Make sure all your pots are raised off the ground so water can drain out thoroughly. Water trapped between the pot and the surface it’s resting on will expand when frozen and crack the pot.
Pruning
Be patient! Fall is actually the worst time of year to prune here in our climate, as pruning promotes new growth which will not have time to harden off before winter.
Perennials:
For hardy perennials, it is best to wait until after the first frost to prune back the year’s old growth.
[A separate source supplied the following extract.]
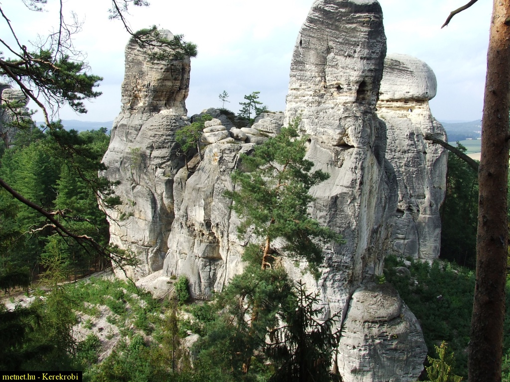 | Leírás: Cesky-Raj igazi nagy homokkõ sziklák. Átlagos magasságuk 20-40 m közötti. A külsõ erõk hatására a sziklák mállanak, porladnak. Összetételük homokkõ, ami változatos szemcseméretet mutat. | |
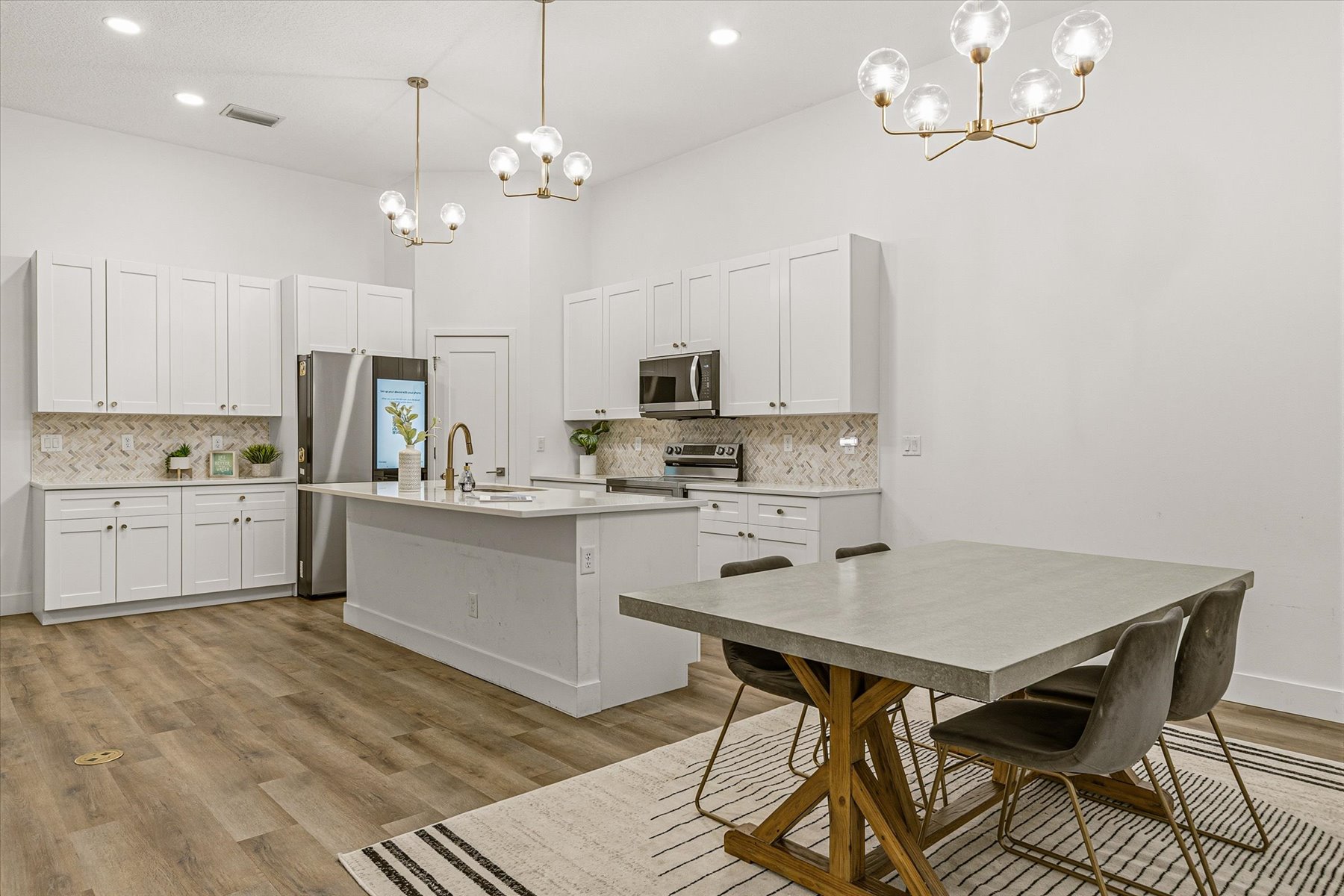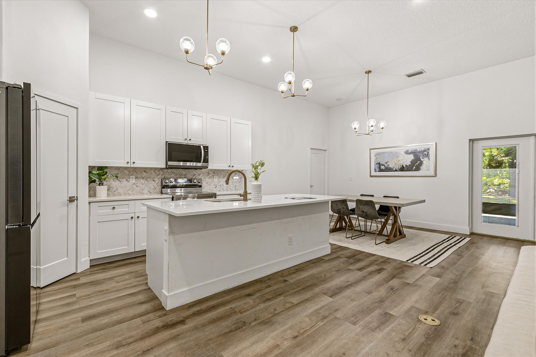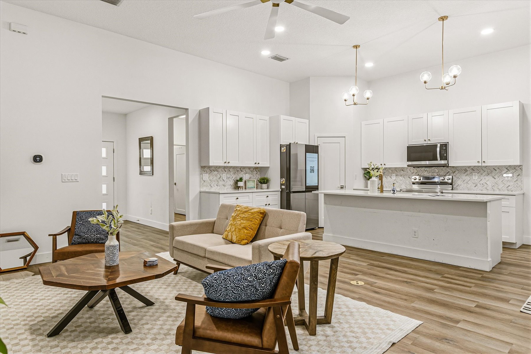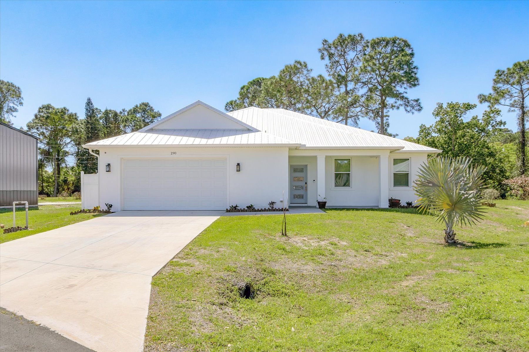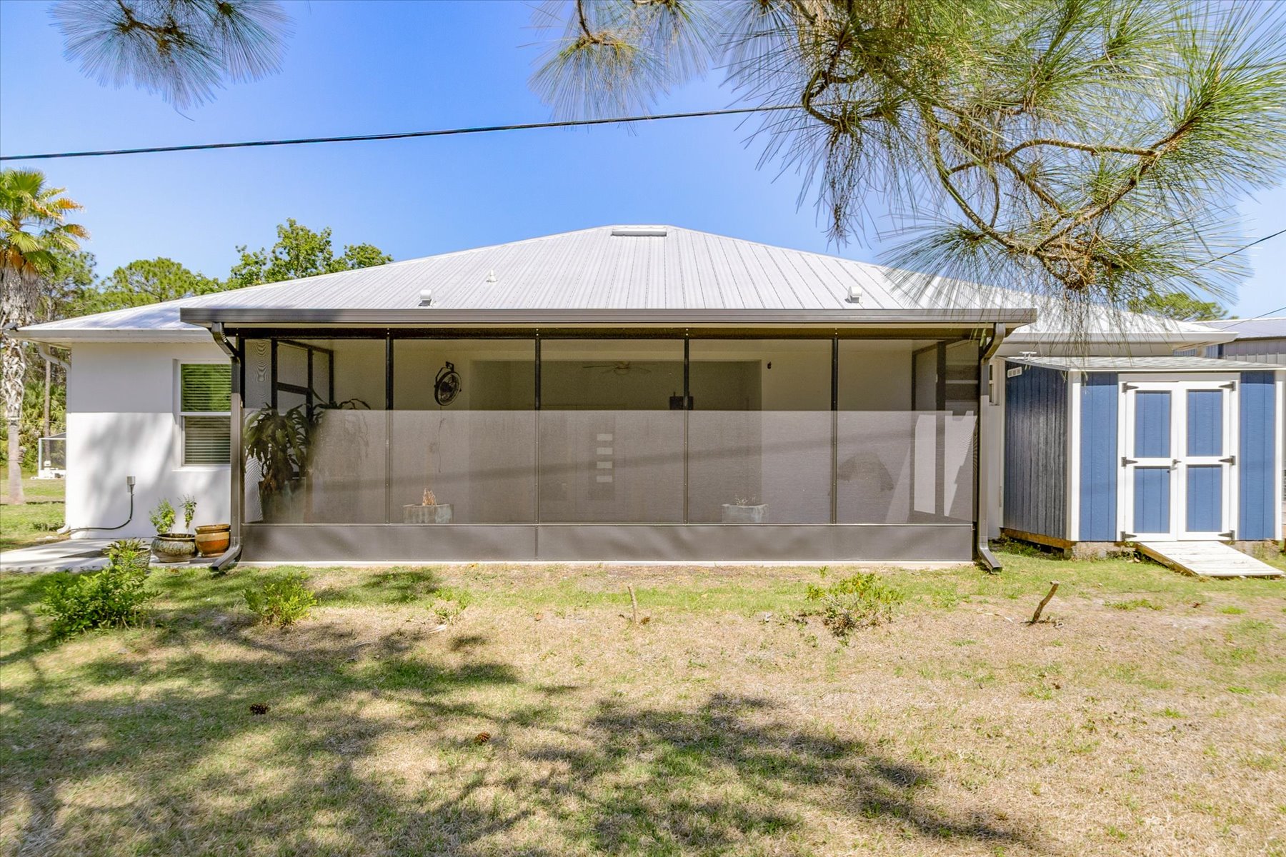 Turn-key and move-in ready, why wait for new construction? Skip the delays, added costs, and uncertainty; this upgraded home is ready now. Welcome to your forever home, offering a spacious open floor plan with soaring 11'4'' ceilings and seamless indoor and outdoor flow to the newly screened lanai. Designed for today's lifestyle, this split floor plan delivers the ultimate in privacy and functionality with a bathroom for every bedroom, 3 en-suites! Perfect for guests, multi-generational living, or added comfort for everyone.The oversized primary suite, approx. 450 square-feet, features dual walk-in closets and a designer bath, while the great room creates the ideal space for entertaining and everyday living. Recent upgrades include a screened-in patio, multiple fruit trees and two additional sheds, providing extra storage and flexibility.Enjoy high-end finishes throughout, including 42'' all-wood cabinetry, thick granite countertops, and durable vinyl plank flooring. Built for durability and peace of mind with impact-resistant windows and doors plus a metal roof--ready for Florida's storm seasons.Designed with efficiency, low maintenance, and comfort in mind, this home delivers true Florida living.

For moderately hardy/tender perennials and ornamental grasses, it is important to resist pruning until the end of winter/early spring. The previous year’s growth will provide an extra layer of protection against the damaging effects of extreme cold, ice/snow, and excessive rain. It can also provide a bit of winter interest in your garden and can serve as important sources of food and shelter for birds and other friendly wildlife. Once we get our first few warm days in March you can cut the stalks and spent grasses down to make room for the fresh new stalks emerging.
Trees and shrubs:
You may prune deciduous trees and shrubs throughout the winter. But, do be mindful NOT to prune any shrubs that bloom in early spring or on old wood (such as mophead/lacecap hydrangeas, bridalwreath spiraea, quince, and forsythia to name a few), as winter pruning will remove the upcoming season’s flower buds. And it’s best to take a hands-off approach to pruning anything that is covered in ice or snow.
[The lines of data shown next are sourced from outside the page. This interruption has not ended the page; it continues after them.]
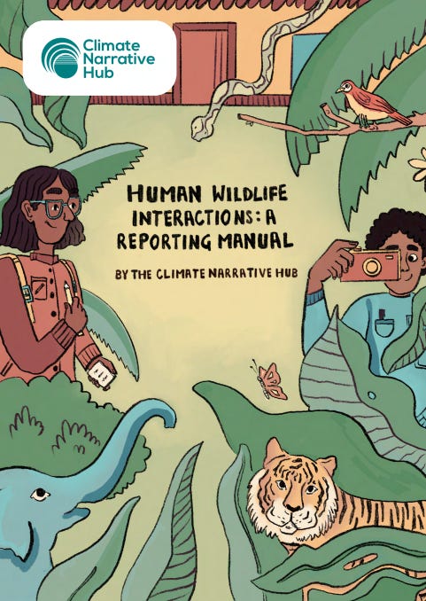 Finally, here is a manual on human–wildlife reporting that has just come out last week. 17 pages long and brought to us by the Climate Narrative Hub, the manual insists that stories about wildlife do not have to begin and end with conflict. Most coverage defaults to crisis: “conflict,” “attack,” “man-animal encounter,” with humans as the obvious centre of moral gravity, and that is exactly what the manual pushes against.
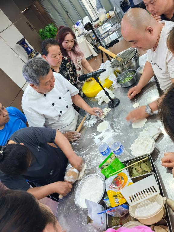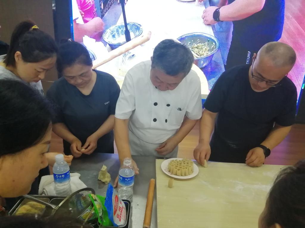 本次培训由西式面点高级技师巩利文、金牌面点技师徐根源、国家资深级面点大师、走进联合国申遗大师、高级面点技师、资深级注册中国烹饪大师刘当成主讲。培训期间学习了脆皮闪电泡芙、软化吐司、流行甜面团等多种西式点心和韩国鸡丝冰拔面、日本特制白丸面、上海黄鱼面、晋中桃花面、菌汤剪刀面等10多种面食的制作技艺及卤的烹调方法以及百千金丝一窝酥、晶莹剔透素翅饼、形象逼真土豆包、酥软香甜炸蜜酥等面点。在培训期间尤其是刘当成大师的授艺,让学员们经常是掌声不断,他生动的讲解和亲切的互动,让学员们短时间内掌握了20多种中式面点的关键核心技术,他精湛的技艺更是让人连连叫绝,口水四溢,脑洞大开,培训短暂结束,场景久久难以忘怀…
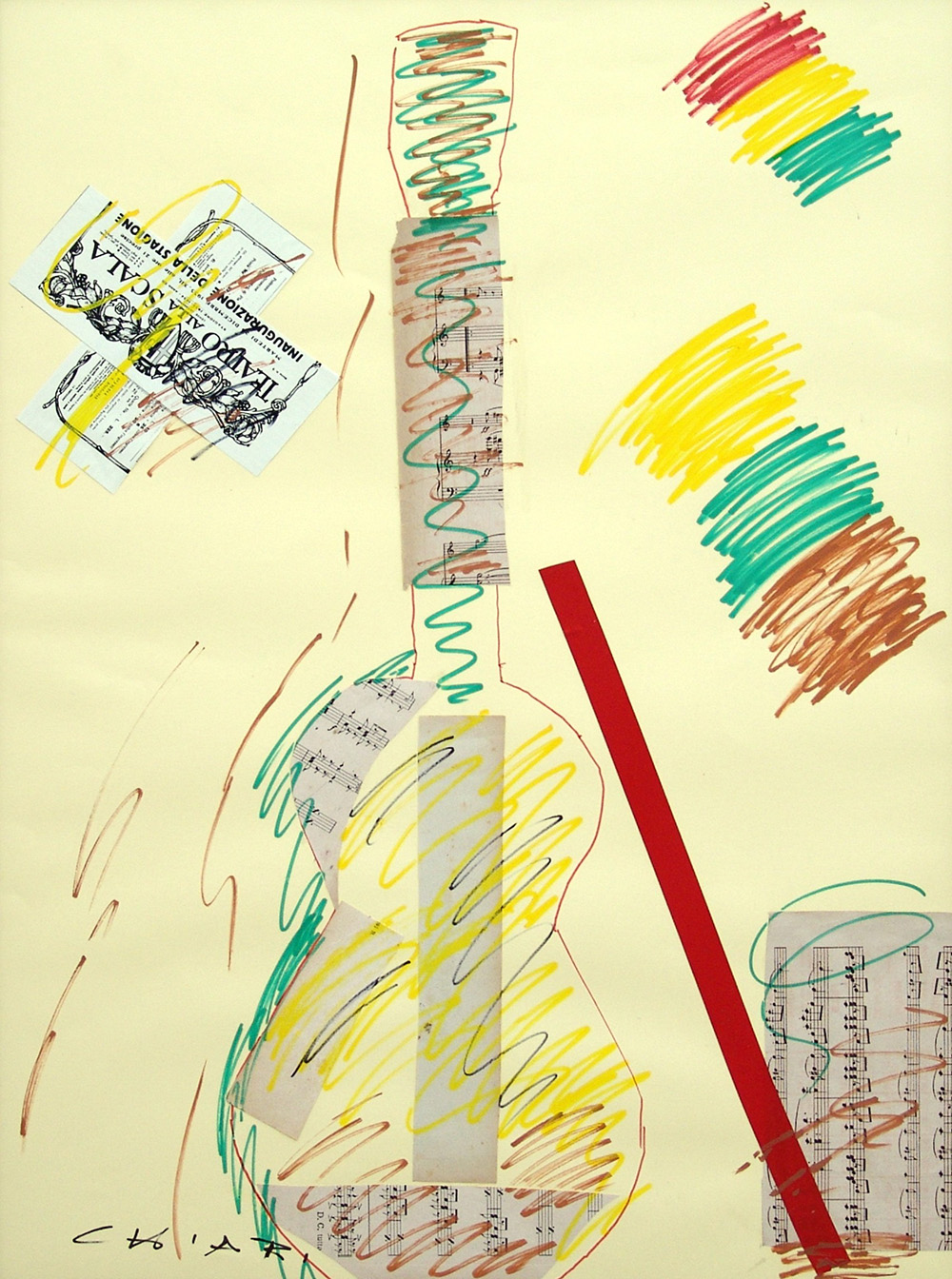 Giuseppe Chiari 1926, Firenze (Fi) - 2007, Firenze (Fi) - [Italia] senza titolo tecnica mista e collage su carta 70x50 cm 2005 firma dell'artista in basso a sinistra; opera con cornice certificato di autenticità dell’artista su fotografia

dramatic changes in temperature
Often the most damaging problem plants face in winter is ice and/or heavy, wet snow. Branches can break and shrubs can splay open under the weight. The best strategy is to gently brush off the snow as it’s falling, before it has a chance to stick to the plants. If grooming your garden in the middle of a snow storm isn’t your cup of tea, stay hands-off until the ice/snow has melted. Trying to remove heavy snow or encrusted ice will cause more damage to the plant than leaving it alone.
The best course of action ahead of an impending cold snap or ice event is to water your plants deeply. Soil that has moisture in it will help insulate roots and regulate the soil temperature.
other preparations
The end of the growing season is an ideal time to put tidy up. Clean and sharpen your tools to prepare for spring; scrub out any pots that don’t have permanent plantings in them; drain your hoses and/or irrigation system; and drain the fuel out of any power tools.
And most importantly, take some time (preferably in front of a cozy fire with a mug of your favorite hot beverage) to reflect on the past growing season and make plans for the upcoming spring. Think about what you enjoyed growing, what gave you trouble, and what exciting new things you want to try next.